This chapter is from the book

Terms you'll need to understand:

  • Noun

  • Verb

  • Adjective

  • Pronoun

  • Adverb

  • Apostrophe

  • Colon

  • Semicolon

  • Comma

  • Compound word

  • Idiom

Techniques you'll need to master:

  • Identify the different parts of a sentence

  • Understand the different types of sentences

  • Understand the differences between nouns, verbs, adjectives, adverbs, and pronouns

  • Identify and correct errors in sentence structure, mechanics, and grammar

  • Combine words correctly to form compound words

  • Identify the correct use of punctuation within a sentence

  • Identify incorrect word usage in a sentence

  • Identify the improper use of idioms

The writing component of the PRAXIS exam is broken down into two sections: 45 multiple-choice questions and one essay question. This chapter will focus on the multiple-choice writing component of the exam. This part of the PRAXIS exam will test your knowledge of standard English.

The 45 multiple-choice questions are further broken down into two distinct sections: usage and sentence correction. The grammar usage questions will test your ability to identify different errors in phrases and sentences. The sentence correction questions will test your ability to properly restate a phrase or question if the existing structure is incorrect.
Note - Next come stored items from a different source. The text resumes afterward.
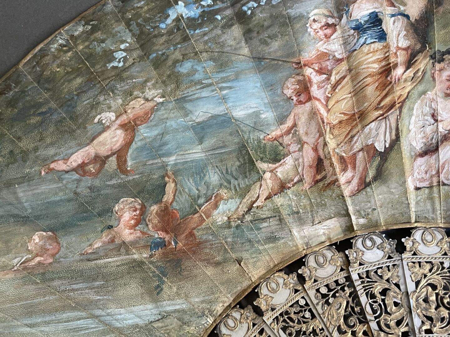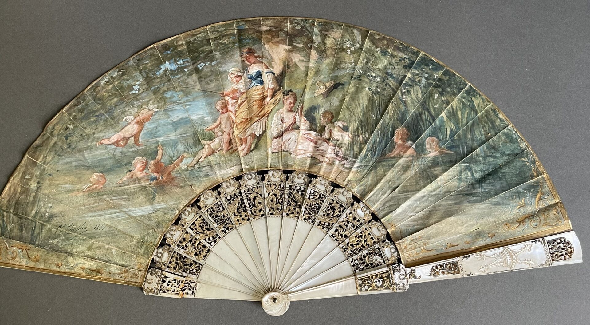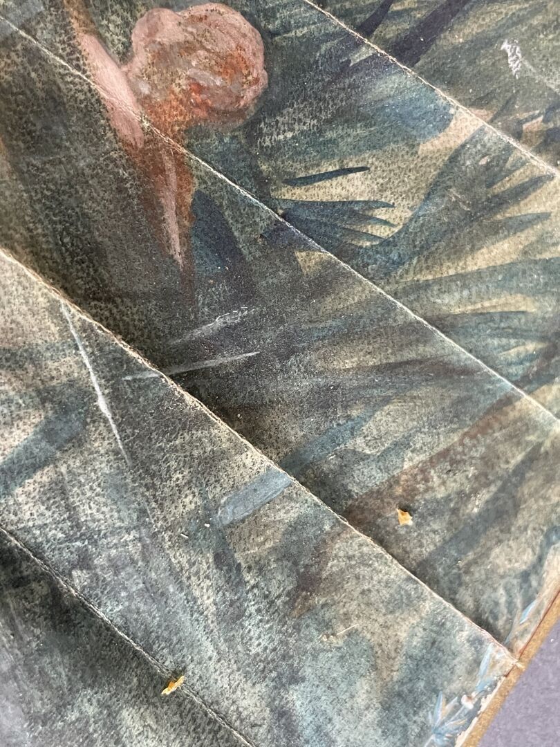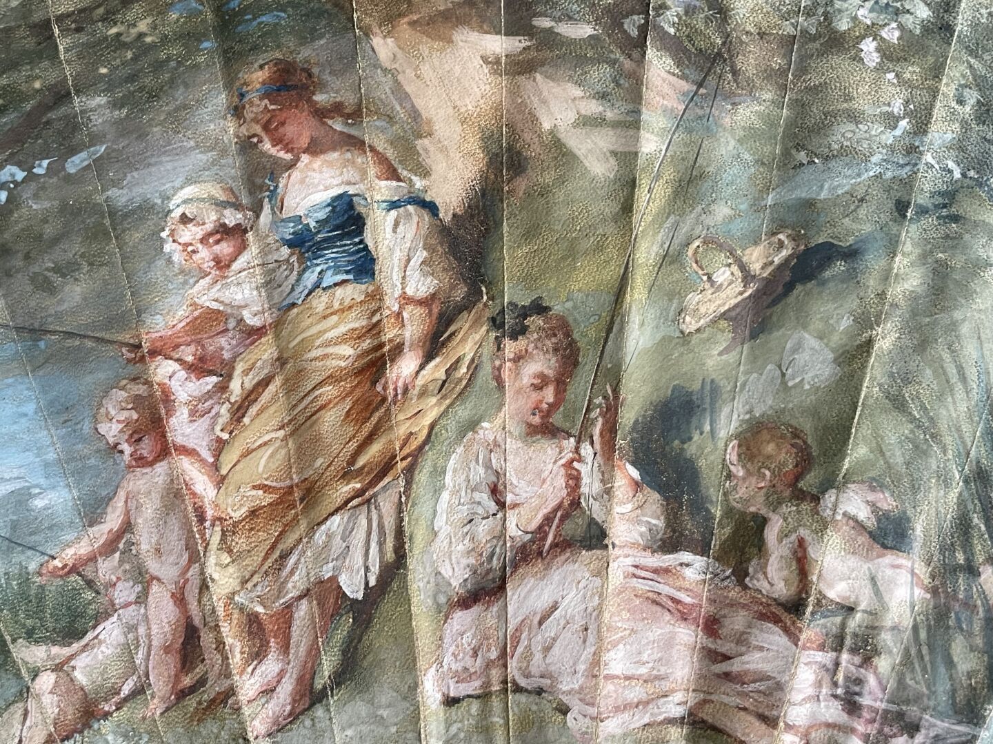Folded fan, the double skin sheet painted with three young fisherwomen by the river, surrounded by numerous sweethearts.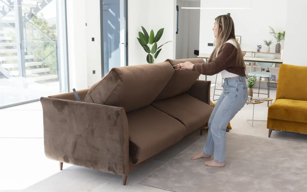 Su estructura ligera y su sistema de apertura fluido permiten convertirlo en cama en segundos, sin esfuerzo y sin alterar la armonía del entorno. Además, su altura y proporciones exactas aseguran que siga siendo un sofá cómodo y elegante incluso en uso diario.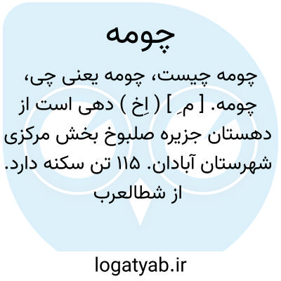 چومه. [ م ِ ] ( اِخ ) دهی است از دهستان جزیره صلبوخ بخش مرکزی شهرستان آبادان. 115 تن سکنه دارد. از شطالعرب آبیاری میشود. محصول عمده اش خرماست. ( از فرهنگ جغرافیائی ایران ج 6 ).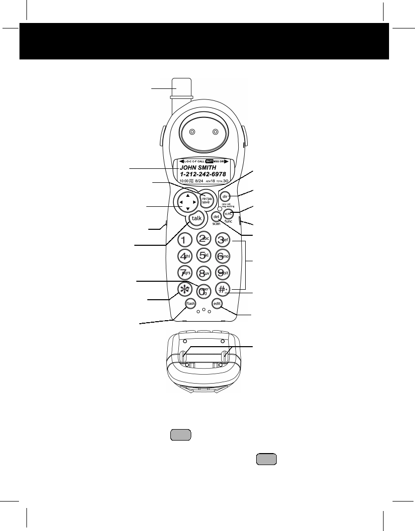 11. DIR (DIRECTORY) Button: Press to access names and numbers stored in the

This chapter will cover grammar and sentence structure. A review of basic grammar skills will be provided, as well as the different types of questions you are likely to encounter. After working through the chapter, you will also be able to identify different types of errors in phrases and sentences.


Part of the PRAXIS I Writing exam will test your knowledge of basic grammar. You will be expected to be able to identify incorrect uses of grammar within a given sentence or passage. The following sections will look at grammar-related exam topics that you are likely to encounter on the exam. This includes

  • Nouns

  • Pronouns


I’m sure we are all familiar with the term noun because it’s a component we learn about in the elementary grades. The definition of a noun is relatively simple. It’s defined as a person, place, or thing. Every sentence must contain at least one noun as its subject. For example:

  • The car is blue.

  • A whale is a mammal.

Proper and Common Nouns

Nouns can be broken down into two different categories: proper nouns and common nouns. A proper noun is the name of a particular person, place, or thing. For example, Mrs. Smith, California, and Felicia are all examples of proper nouns. The thing to keep in mind with proper nouns is that they are usually capitalized. Common nouns, on the other hand, designate any one of a class of people, places, or things, and they are not capitalized. For example, dog, state, and country are examples of common nouns.

Plural and Possessive Nouns

Nouns can also come in two different forms: plural nouns and possessive nouns. As the name implies, plural nouns indicate more than one person, place, or thing. A plural noun can be formed by adding the appropriate ending to the noun, such as s, es, or ies. For example, cars, dishes, and babies are plural nouns. Possessive nouns indicate ownership, which is normally formed by adding ’s to the end of a noun. For example, in the phrases "my grandmother’s house" and "my dog’s bone," grandmother’s and dog’s are possessive nouns.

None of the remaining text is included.